Records contained in a dataset
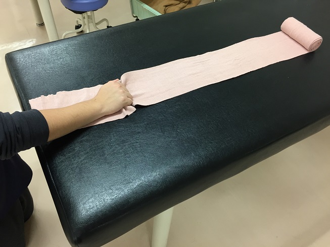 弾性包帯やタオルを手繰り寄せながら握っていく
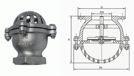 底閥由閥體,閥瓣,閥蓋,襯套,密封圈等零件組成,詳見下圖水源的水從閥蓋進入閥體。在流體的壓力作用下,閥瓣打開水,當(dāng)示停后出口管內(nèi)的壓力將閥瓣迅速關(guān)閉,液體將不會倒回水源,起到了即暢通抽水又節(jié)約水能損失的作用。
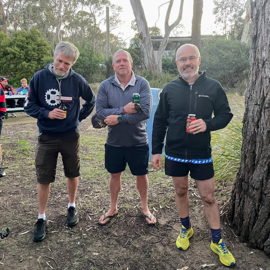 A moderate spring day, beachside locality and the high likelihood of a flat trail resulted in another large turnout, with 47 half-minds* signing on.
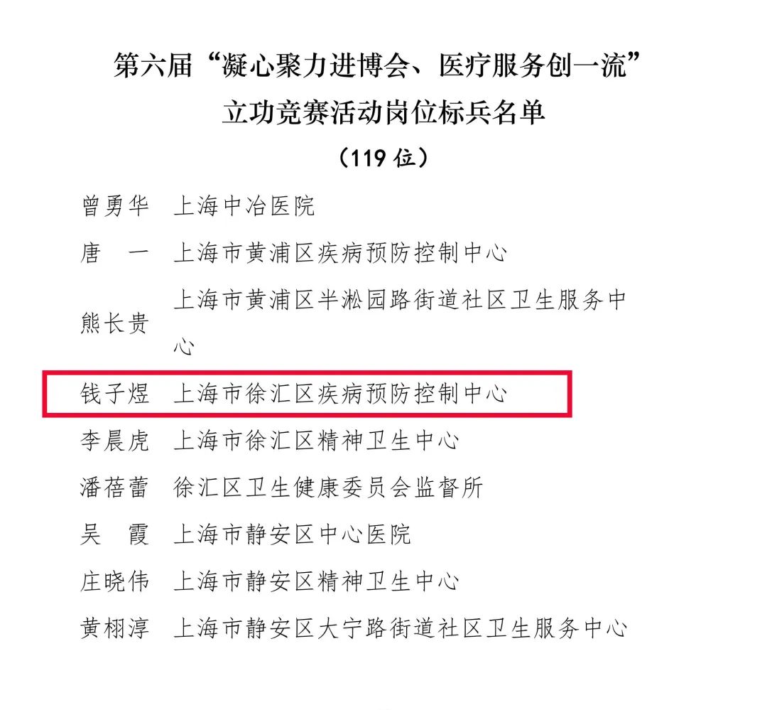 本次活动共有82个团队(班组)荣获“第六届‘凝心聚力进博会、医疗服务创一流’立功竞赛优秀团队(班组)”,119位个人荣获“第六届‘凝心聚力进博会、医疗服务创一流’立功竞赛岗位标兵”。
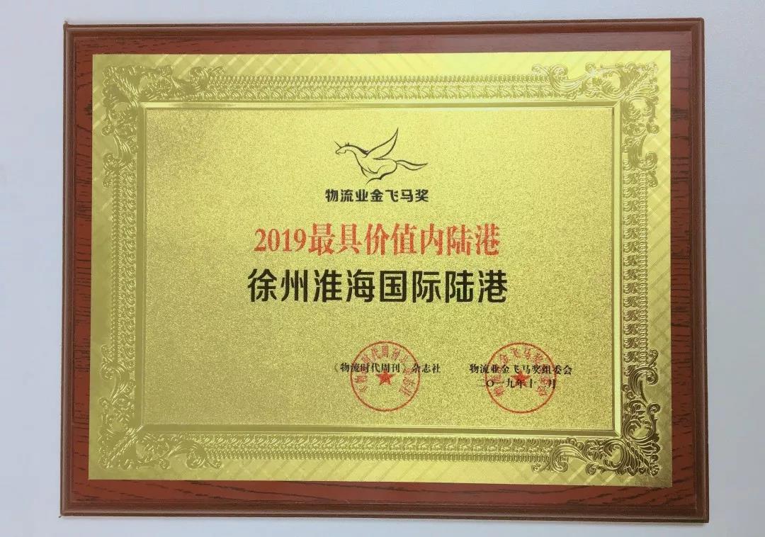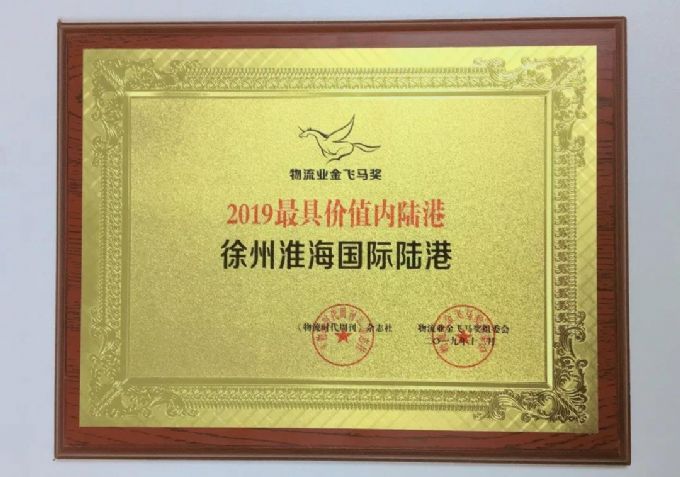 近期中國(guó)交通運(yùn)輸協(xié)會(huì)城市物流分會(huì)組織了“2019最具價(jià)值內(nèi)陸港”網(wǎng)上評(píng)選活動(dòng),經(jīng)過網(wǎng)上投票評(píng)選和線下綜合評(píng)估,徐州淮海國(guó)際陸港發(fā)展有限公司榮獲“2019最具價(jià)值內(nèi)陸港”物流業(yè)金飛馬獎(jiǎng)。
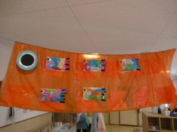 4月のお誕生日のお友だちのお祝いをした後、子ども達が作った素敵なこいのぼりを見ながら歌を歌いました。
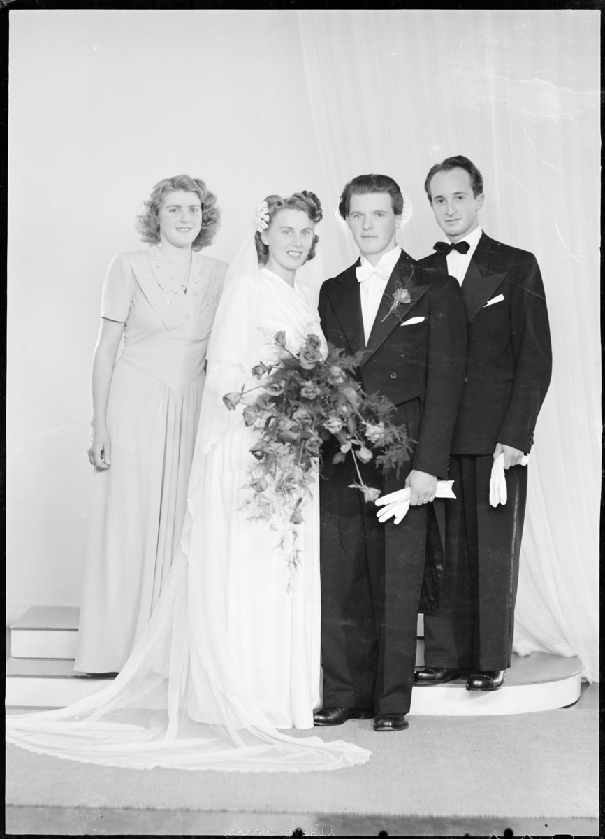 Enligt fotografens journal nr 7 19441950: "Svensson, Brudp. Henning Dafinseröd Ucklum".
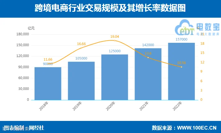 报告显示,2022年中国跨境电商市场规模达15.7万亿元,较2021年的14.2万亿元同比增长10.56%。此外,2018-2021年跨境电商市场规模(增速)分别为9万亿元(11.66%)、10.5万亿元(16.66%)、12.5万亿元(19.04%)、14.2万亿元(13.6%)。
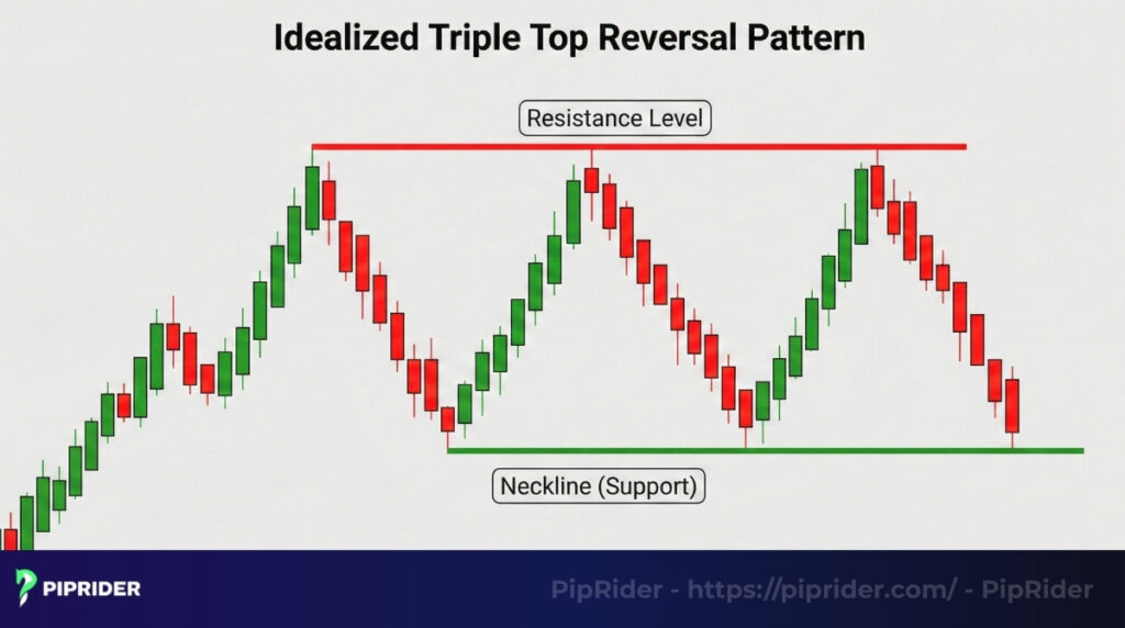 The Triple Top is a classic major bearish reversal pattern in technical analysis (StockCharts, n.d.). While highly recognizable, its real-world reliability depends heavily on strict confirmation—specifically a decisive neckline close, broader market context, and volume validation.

_Problem statement_
Output exactly the lines from the one that has "4月のお誕生日のお友だちのお" through the end of the data. Do not include pictures.

_Result_
 4月のお誕生日のお友だちのお祝いをした後、子ども達が作った素敵なこいのぼりを見ながら歌を歌いました。
 Enligt fotografens journal nr 7 19441950: "Svensson, Brudp. Henning Dafinseröd Ucklum".
 报告显示,2022年中国跨境电商市场规模达15.7万亿元,较2021年的14.2万亿元同比增长10.56%。此外,2018-2021年跨境电商市场规模(增速)分别为9万亿元(11.66%)、10.5万亿元(16.66%)、12.5万亿元(19.04%)、14.2万亿元(13.6%)。
 The Triple Top is a classic major bearish reversal pattern in technical analysis (StockCharts, n.d.). While highly recognizable, its real-world reliability depends heavily on strict confirmation—specifically a decisive neckline close, broader market context, and volume validation.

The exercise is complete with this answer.